Поправлялся Федор долго. Через несколько недель, когда уезжал я, он уж окреп, но полное выздоровление наступило только через год, весной.
Летом с Катериной мы вернулись в Сен-Савен. Тогда-то и начал я писать «Воспоминания». Сидел с утра до вечера на террасе, захваченный работой и прошлым.
Писание продолжилось в Лу-Прадо, где провели мы всю зиму. В мае Федор смог уже выезжать и приехал в Аскен. Поселился в отеле «Эчола». Мы приехали к нему погостить. Однако в тамошнем шуме машин и автобусов не поработаешь. Место живописно, но с самого утра наплыв туристов. В основном старухи англичанки, вечные лягушки-путешественницы. И в горах они, и в пустынях. Все как на подбор: с плоской грудью и бульдожьей челюстью. Гуляют с бедекером и кодаком, говорят только по-английски и сами не знают, каким ветром занесло их именно сюда.
Вернувшись в Лу-Прадо, я обрел мир и покой, необходимые для писания. Ирина помогала. Работалось с ней легче, потому что память у нее лучше. Перед тем как закончить, я поехал в Париж показать друзьям и спросить их мненья. Особенно ждал совета от м-ль Лавока, первой леди французских книготорговцев. Суждению ее доверял я на все сто. Получив одобрение от нее и прочих, стал готовить книгу к печати. Графиня де Кастри свела меня с подругой своей, Ирэн де Жиронд. Ирэн занимается переводами. Согласилась помочь.

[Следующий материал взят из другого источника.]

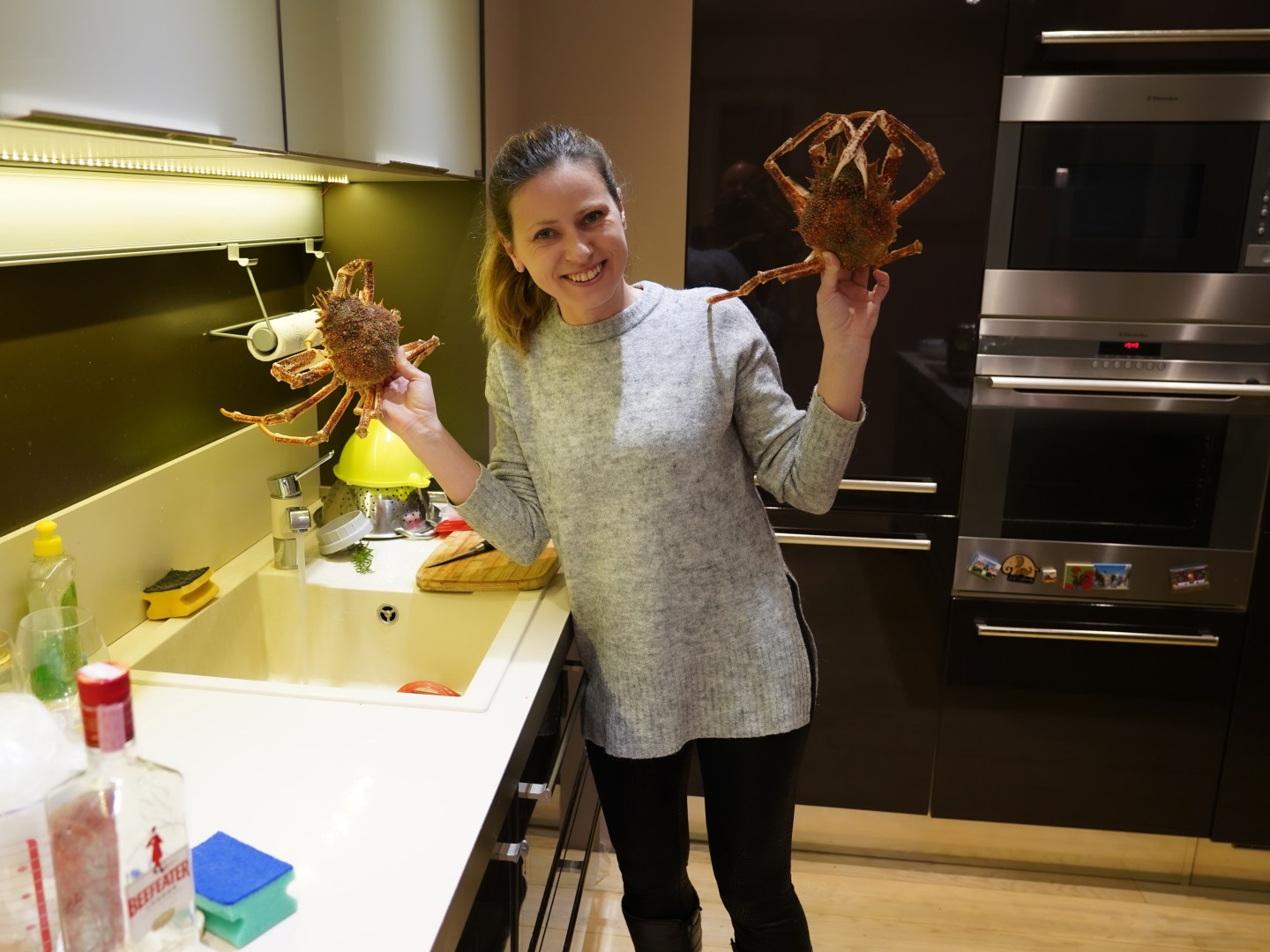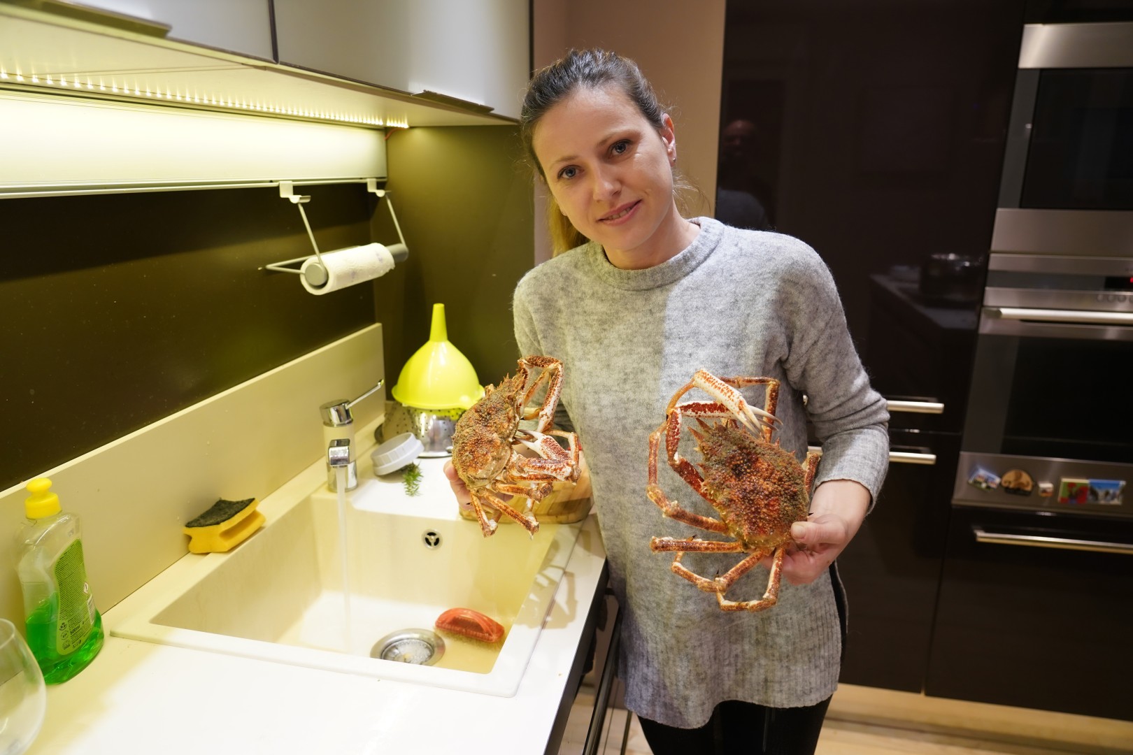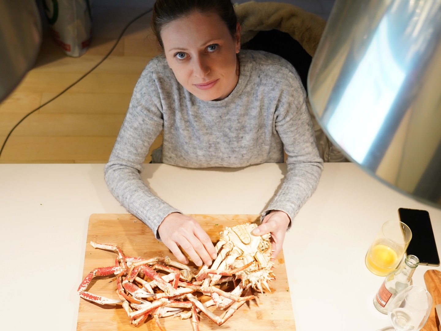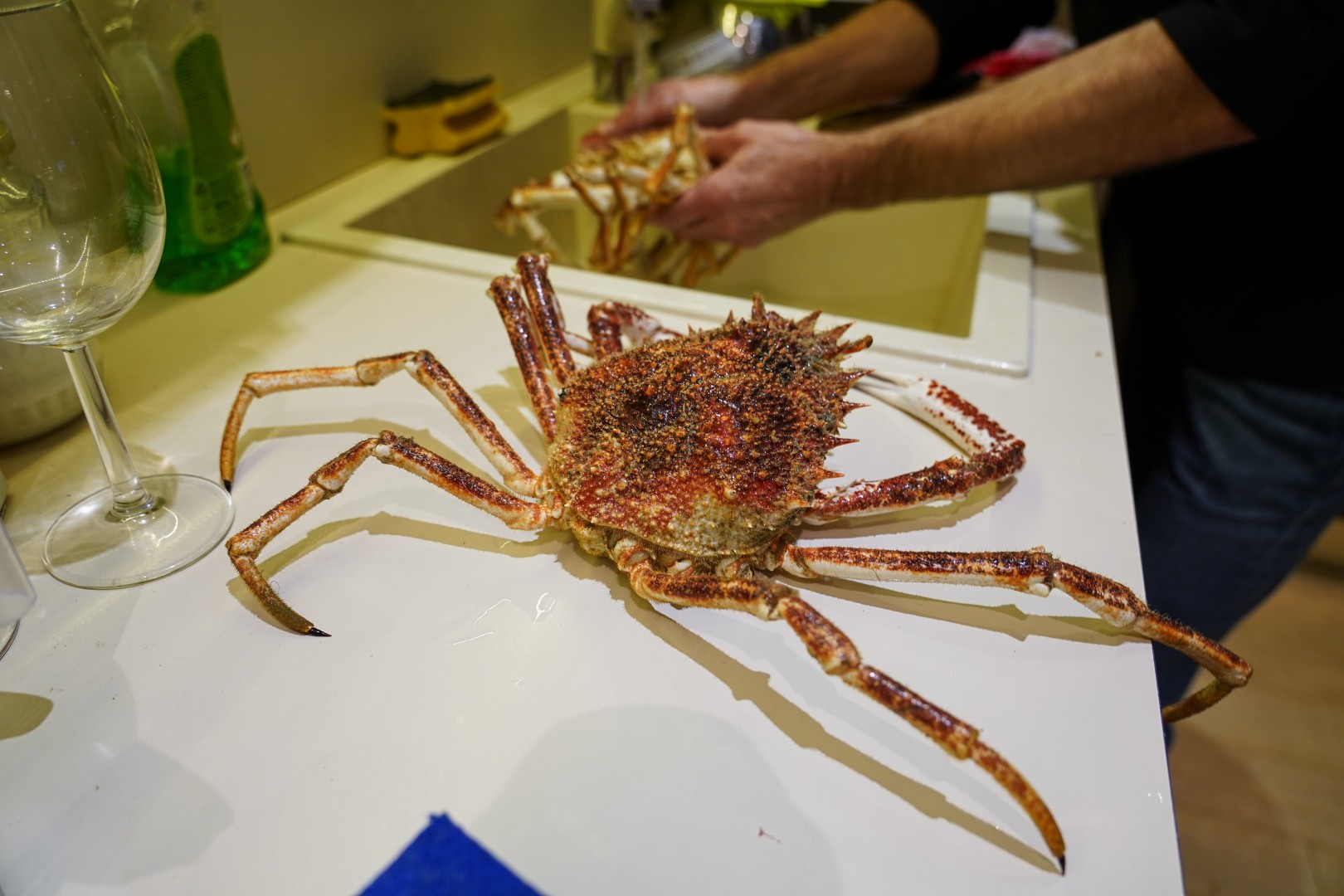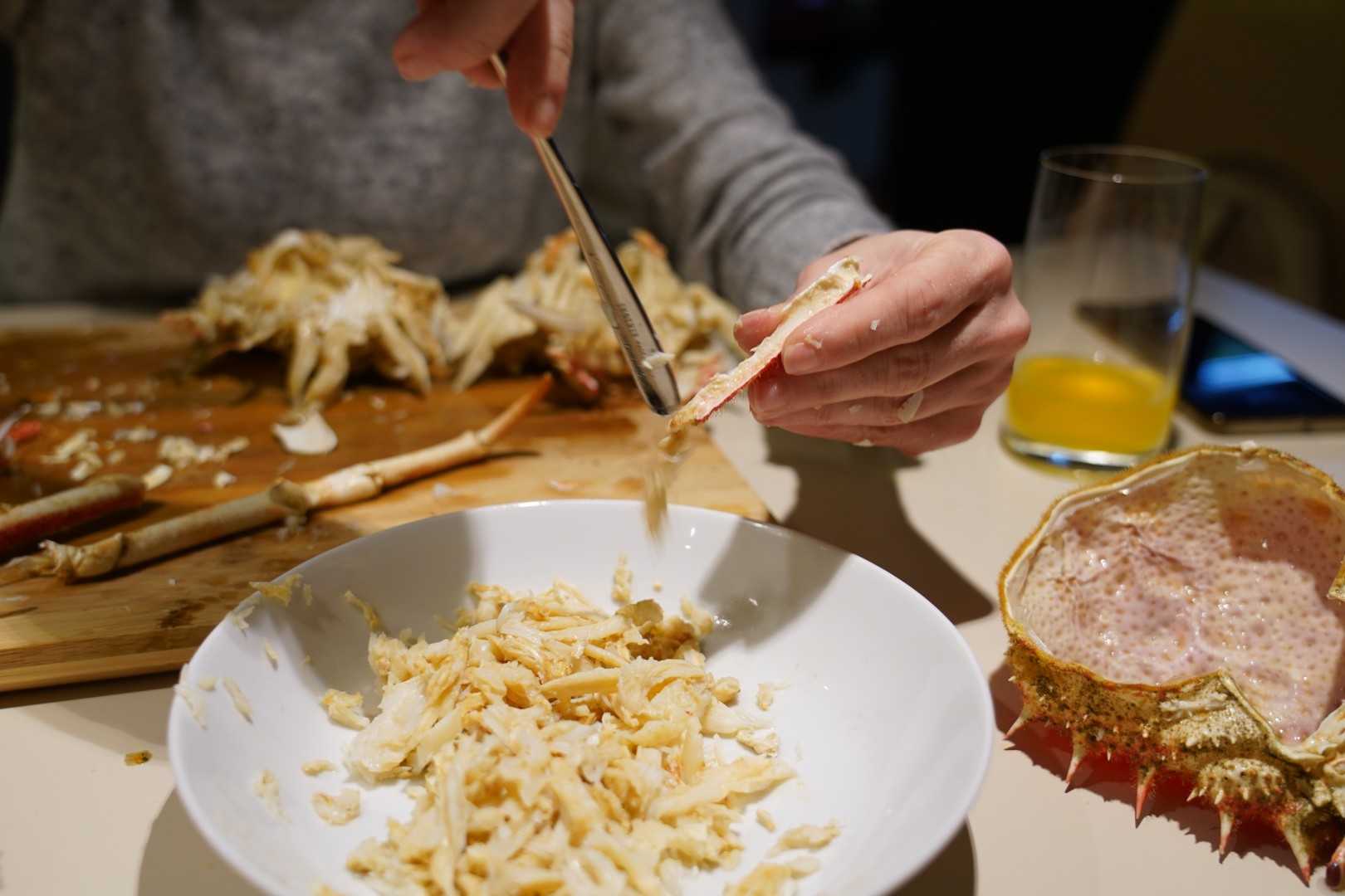 - Odvojimo noge od tijela. U nožnim člancima je većina mesa. Članke potučemo čekićem ili zdrobimo kliještima ili prerežemo jakim škarama. Meso sastružemo malom žličicom.

Сперва поехал к ней в Сен-Жан-де-Люс. В приюте спокойствия, трудов и вдохновенья работали мы с ней месяцы и стали единомышленниками. Очень скоро я доверился ей совершенно. Чувствовал, что можно ей сказать все, и она все поймет. Суждение Ирэн было верно, замечания справедливы. Если мы спорили, я знал, что права – она, и хоть и бесился, а радовался, что ляпов не будет. Голос ее порой напоминал матушкин.

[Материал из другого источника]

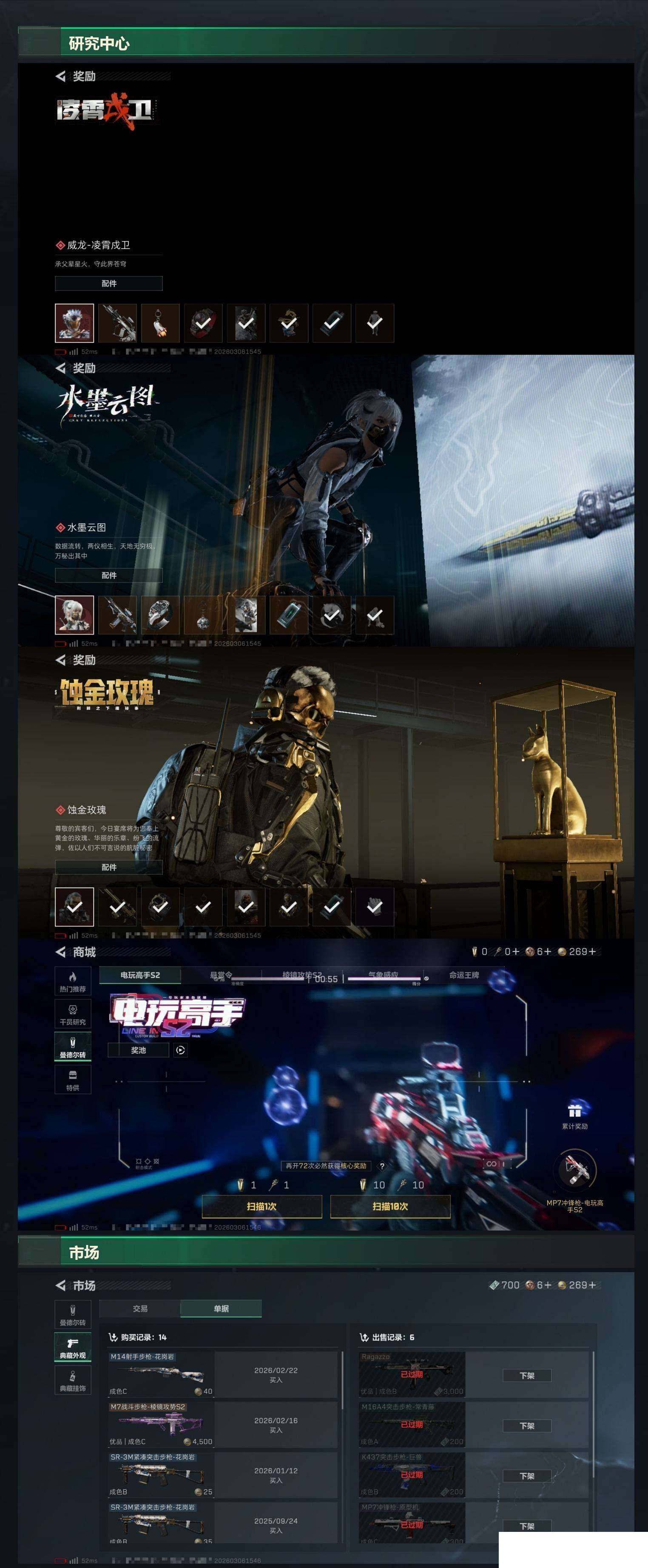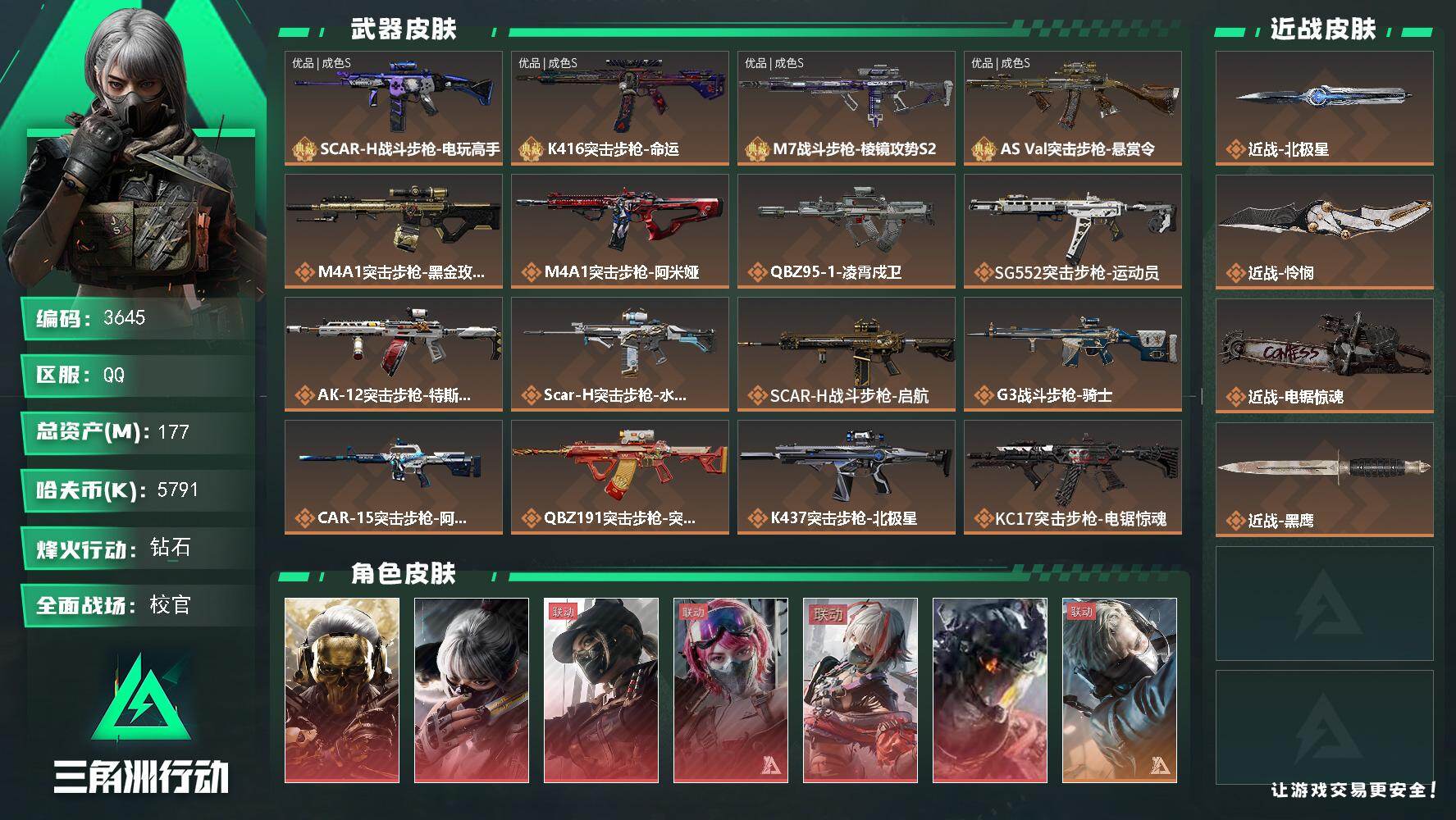 【sjs8935】总资产285m 红狼 露娜 信条 北极星 黑海 影锋 彦祖 烽火地带段位: 黑鹰 全面战场段位: 列兵 总资产: 285000000 哈夫币: 3093000 sjs8935 干员外观: 红狼-蚀金玫瑰,牧羊人-街头之王(S2),威龙-壮志凌云(S3),无名-夜鹰(S4),威龙-飞虎,蜂医-送葬人·无题密令(S5),露娜-黑·天际线,深蓝-不破誓约(S6),红狼-电锯惊魂,露娜-金牌射手(S7) 传说武器皮肤: M4A1突击步枪-蚀金玫瑰,M7战斗步枪-维京,SCAR-H战

Осенью Никита сообщил, что они с семьей уезжают жить в Америку. Путь в Отейль, стало быть, свободен, и мы полетели восвояси.

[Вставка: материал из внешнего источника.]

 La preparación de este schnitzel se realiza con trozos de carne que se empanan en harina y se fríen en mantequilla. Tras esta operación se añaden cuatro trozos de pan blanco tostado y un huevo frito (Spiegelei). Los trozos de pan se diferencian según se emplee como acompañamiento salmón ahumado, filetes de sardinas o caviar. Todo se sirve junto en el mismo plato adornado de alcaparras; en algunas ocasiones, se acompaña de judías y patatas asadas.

Когда из Сен-Жан-де-Люса в Париж вернулась Ирэн, литературные труды продолжились. Ирэн регулярно приходила на Пьер-Герен, усаживалась в глубокое кресло с таксой Изабель на коленях вместо столика. А мне друзья подарили щеночка-мопса, девочку Мопси. Наши четвероногие мамзели подружились. Ирэн придет – щенячьим восторгам нет конца, и страницы рукописи разлетаются во все стороны.
* * *
Нет слов, как благодарен я друзьям за помощь их в деле, которое оказалось сложней и дольше, нежели думал я. Спасибо им: Ирине, урожденной княгине Куракиной, второй жене князя Гаврилы, г-же Блак Белер, барону Дерви, барону де Витту и Ники Каткову, ходячей энциклопедии. Ники знает все: забуду я – подскажет он. Ники же и перевел мемуары на английский. И величайшей наградой трудам моим было вспомнить прошлое и вернуть на миг чувства и лица, которых уж нет…
Как и следовало ожидать, в русской колонии далеко не все обрадовались публикации первой части «Воспоминаний». Что, однако, не помешало мне написать вторую. А жена, следя за моей работой, и вовсе грозилась написать третью под названием «О чем не сказал муж». И, верно, третья часть, сказал я жене, была бы лучшей. У Ирины дар писателя-юмориста. Она затеяла сочинить «Дневник Буля», как бы от его лица. Глазами нашего старого чудака – живой рассказ обо всех событиях. Местами умора, жаль – непереводимо!
В Париже мы опять зажили светской жизнью. Ходили по театрам и по гостям. Более всего любил я бывать у Тведов. В квартире у них – художественный вкус, роскошь и легкий запах «Герлена». Мадам Твед, известная скорее как Долли Радзивилл, тети Козочкина племянница, – хрупкая, нежная, маленькая. Маленькая, да удаленькая: покорит в два счета. Мсье Твед – славный малый, доброе дитя, небесталанный художник. Дома у них дух старой Польши.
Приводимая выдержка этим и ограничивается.